BEagle1984 / silverback

Silverback is a simple but feature-rich message bus for .NET core (it currently supports Kafka, RabbitMQ and MQTT).
https://silverback-messaging.net
MIT License
260 stars 39 forks source link

Kafka Partition Revoked #214

Closed leorg99 closed 12 months ago

leorg99 commented 1 year ago

Hi Sergio,

Recently started using your library and love it! However, I am running into an issue. In the logs I see that the topic I am listening will get an event that the partition was revoked but then it is assigned again short time later. At some point, the partition is revoked and never assigned back.

Any idea what to check? When I check the topic to see what consumers are connected, I see none and the group is behind on messages.

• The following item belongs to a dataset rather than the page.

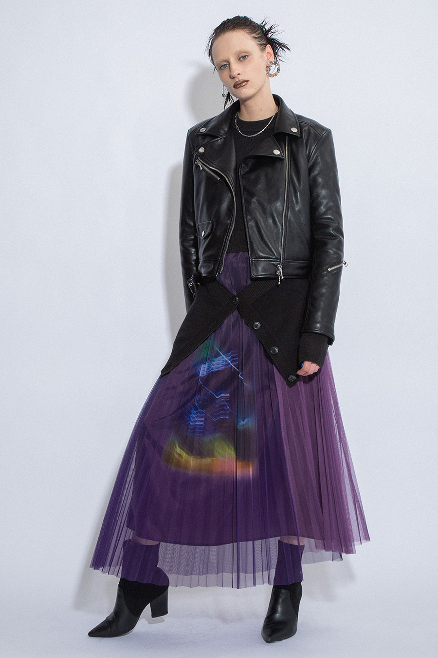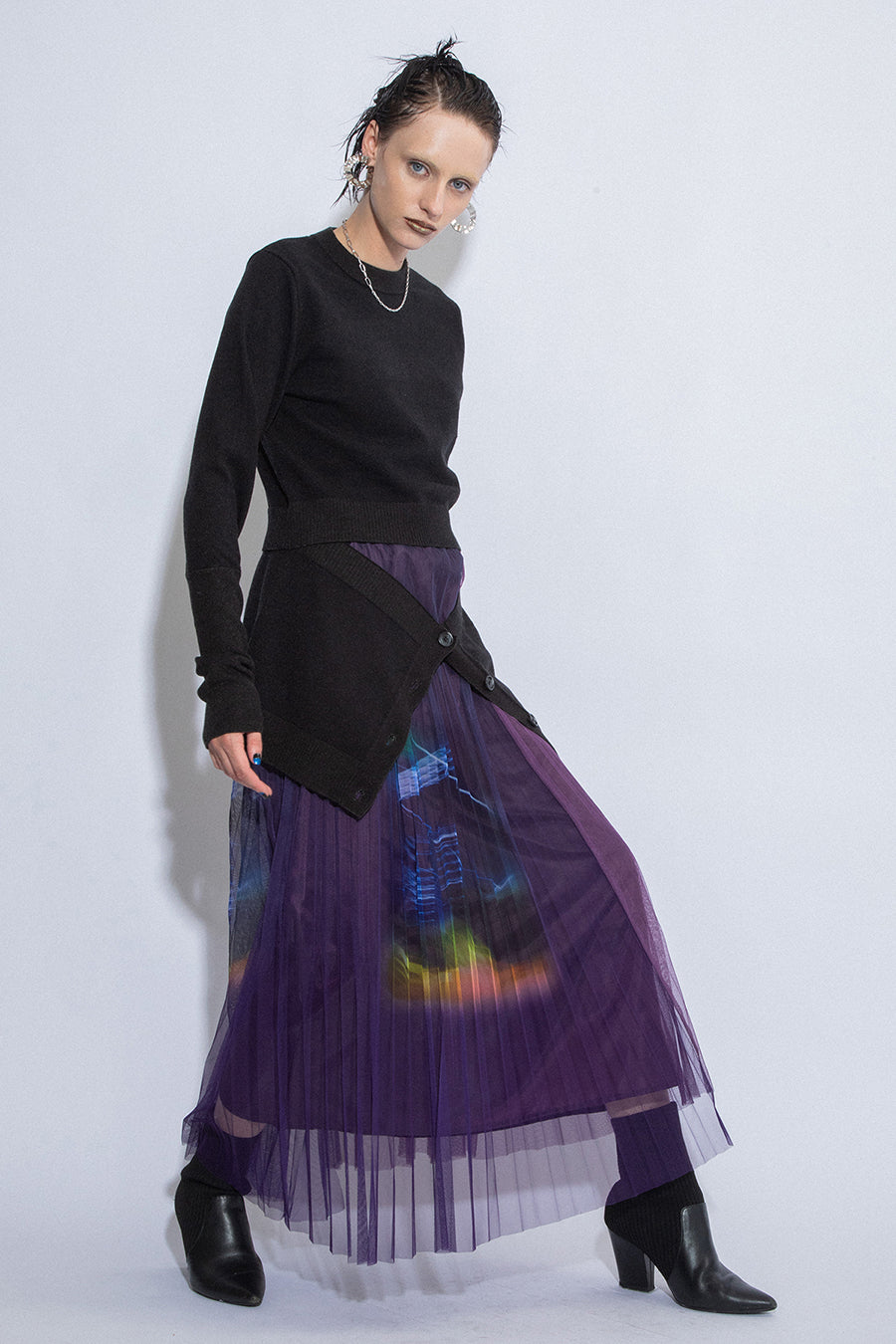 PHOTO PRINT PLEATS SKIRT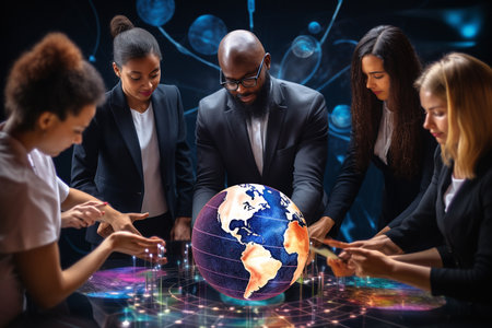 A group of diverse students collaborating around a large holographic globe visualizing opensource data from various urban sectors highlighting community contributions and insights throug

Here is what my config looks like:

        builder.AddKafkaEndpoints(endpoints =>
        {
            endpoints
                .Configure(config =>
                {
                    config.BootstrapServers = connectionSettings.BootstrapServers;
                    config.AllowAutoCreateTopics = false;
                    config.ClientId = "prospect_index_daemon_v2";
                })
                .AddInbound<IndexProspect.Command>(
                    endpoint =>
                        endpoint.ConsumeFrom(KafkaConfig.Topics.ProspectV2IndexRequests.GetTopic(settings.EnvironmentName))
                                .Configure(config =>
                                {
                                    config.GroupId = "prospect_index_daemon_v2";
                                    config.AutoOffsetReset = AutoOffsetReset.Earliest;
                                })
                                .ProcessAllPartitionsTogether()
                                .OnError(policy => policy.Skip())
                                .SkipNullMessages()
                )

Thanks!

BEagle1984 commented 1 year ago

The rebalance is coordinated by the broker and it guarantees that all the partitions are reassigned. Do you see the revoke but not the assign in the logs and no exception? Is this the only instance of your service or are there multiple consumers in the consumer group? Do you have a custom IKafkaPartitionsRevokedCallback or IKafkaPartitionsAssignedCallback in place?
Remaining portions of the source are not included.